Präzise und produktschonend verpacken in kompakter Anlage
Schubert Projektleiter Georg Koutsogiannis bringt die Anforderungen des Neukunden auf den Punkt: „Die wesentlichen Vorgaben umfassten einen besonders präzisen und produktschonenden Verpackungsprozess bei gleichzeitig hoher Leistung. Darüber hinaus musste die Anlage kompakt sein.“

Die räumlichen Verhältnisse in der belgischen Produktionsstätte definierten exakt die Vorgaben für Höhe und Länge der Verpackungsmaschine. „Durch die kompakte Bauweise unserer schaltschranklosen TLM-Verpackungsmaschine sowie der Anordnung von jeweils drei F4-Robotern innerhalb eines Einzelgestells ermöglichten wir die gewünschte hohe Geschwindigkeit und Präzision, bei gleichzeitig optimaler Zugänglichkeit“, so Koutsogiannis.

Die Anlage besteht aus lediglich vier Teilmaschinen. Alle Komponenten der Anlagen kommen bei Schubert aus einer Hand, was deren optimale Vernetzung gewährleistet. Die schaltschranklose Maschine verringert die Unterhaltskosten durch Energieeinsparungen sowie hohe Effizienz und Verfügbarkeit der Maschine. Der Kunde kann seine Verpackungsaufgaben auf Basis einer bedienerfreundlichen Steuerung in einem nahezu störungsfreien Betrieb automatisieren. Für die Bedienung der Anlage ist lediglich ein Mitarbeiter erforderlich. Geplante Unterbrechungen für Formatwechsel lassen sich innerhalb von zehn bis 15 Minuten vornehmen.

Ein Scanner gewährleistet, dass jeder Aufnehmer den Keks exakt mittig erfasst, damit das Produkt schonend und ohne Beschädigung in das Tray gelangt. (Bild: Gerhard Schubert)
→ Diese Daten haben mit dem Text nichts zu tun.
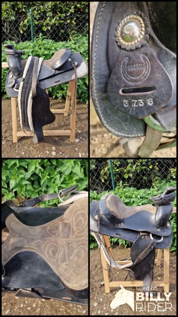 Westernowe siodło czarne od Frahm bardzo lekkie siodło z oryginalnymi srebrnymi okuciami, z popręgiem, brakuje jednego strzemienia.
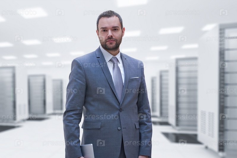 Молодой бизнесмен в серверной комнате
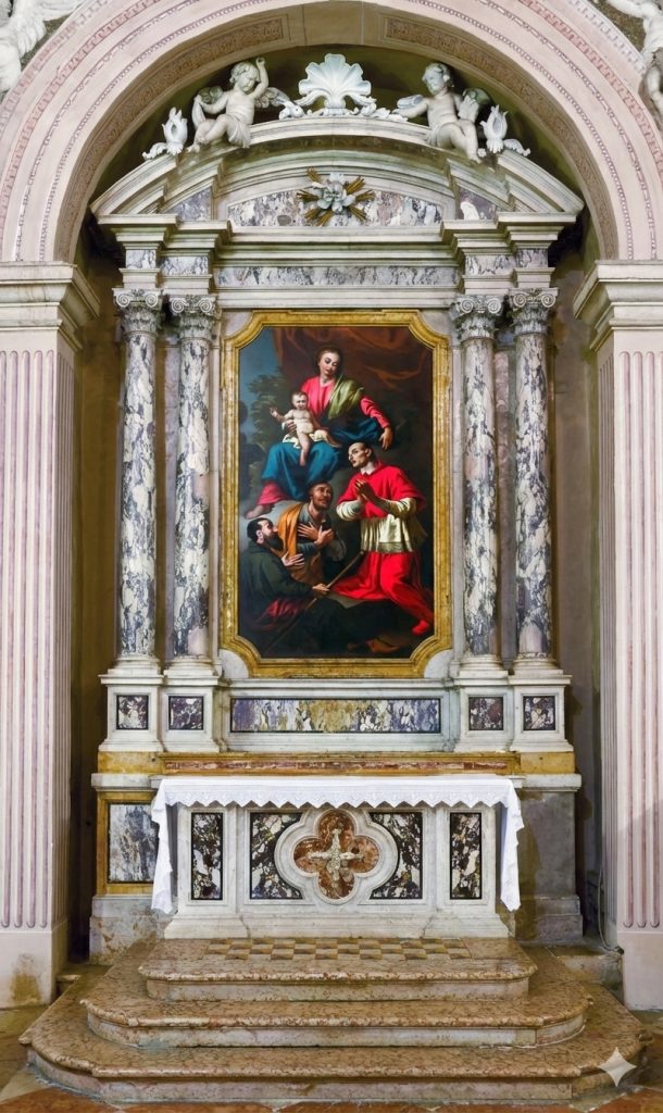S. Carlo Borromeo, sovrastato dalla Vergine col Bambino e, in posizione subordinata, S. Giacomo Minore e Filippo.
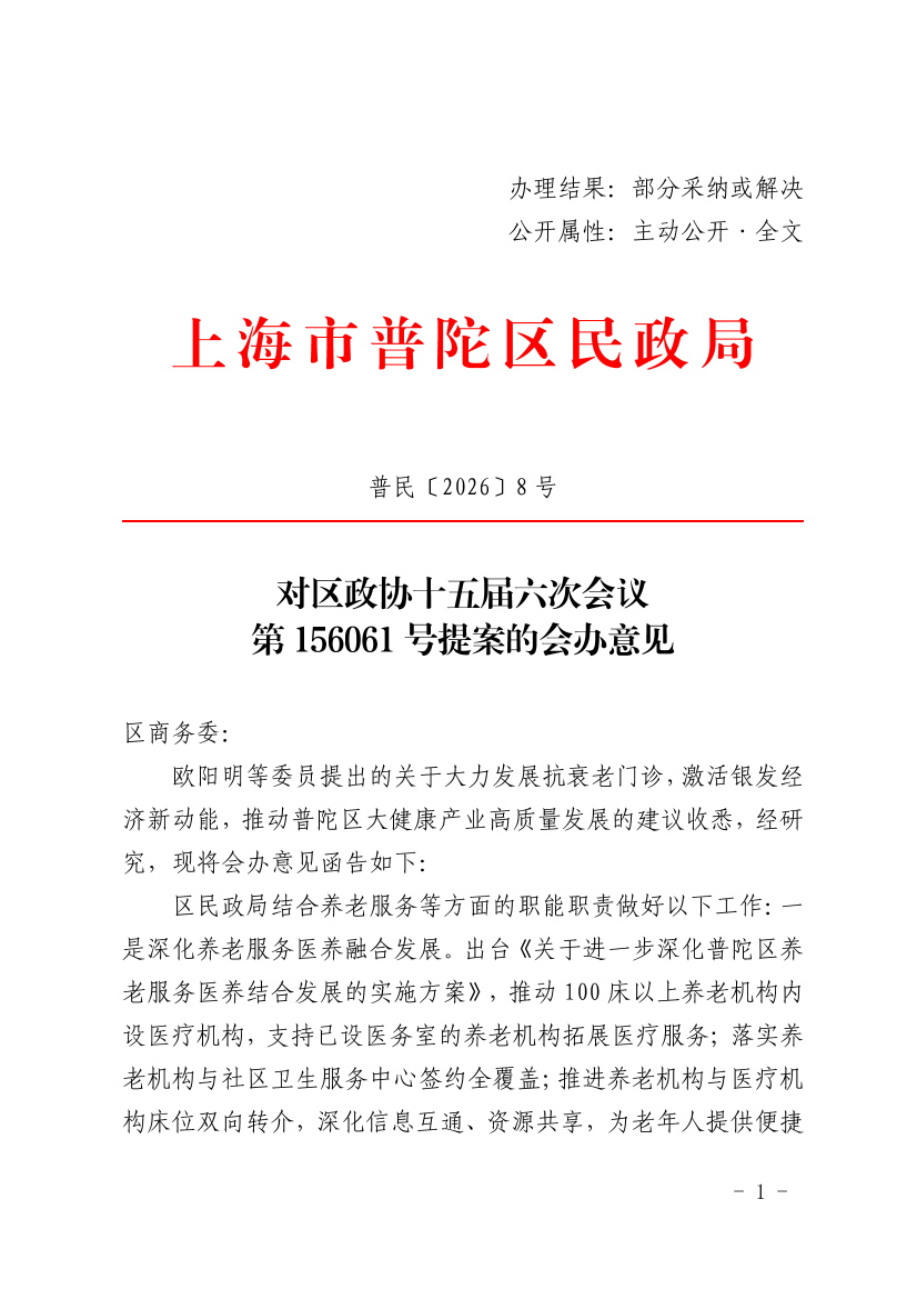 欧阳明等委员提出的关于大力发展抗衰老门诊,激活银发经济新动能,推动普陀区大健康产业高质量发展的建议收悉,经研究,现将会办意见函告如下:
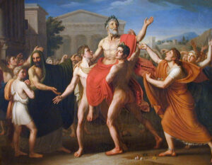Τότε ο Διαγόρας εν μέσω επευφημιών και πλήρης ευδαιμονίας άφησε την τελευταία του πνοή μέσα στο αρχαίο στάδιο της Ολυμπίας στα χέρια των γιών του…

Drei unterschiedliche Tray-Formate
In der ersten Teilmaschine übernehmen F3-Roboter das Entstapeln der Kunststofftrays aus dem Magazin und platzieren diese auf dem Band zum Weitertransport in die nächste Teilmaschine. Dort beladen Pick-und-Place-Roboter die Trays mit den Backwaren. Derzeit werden die Produkte in drei unterschiedlichen Trayformaten von drei bis vier Gefachen verpackt.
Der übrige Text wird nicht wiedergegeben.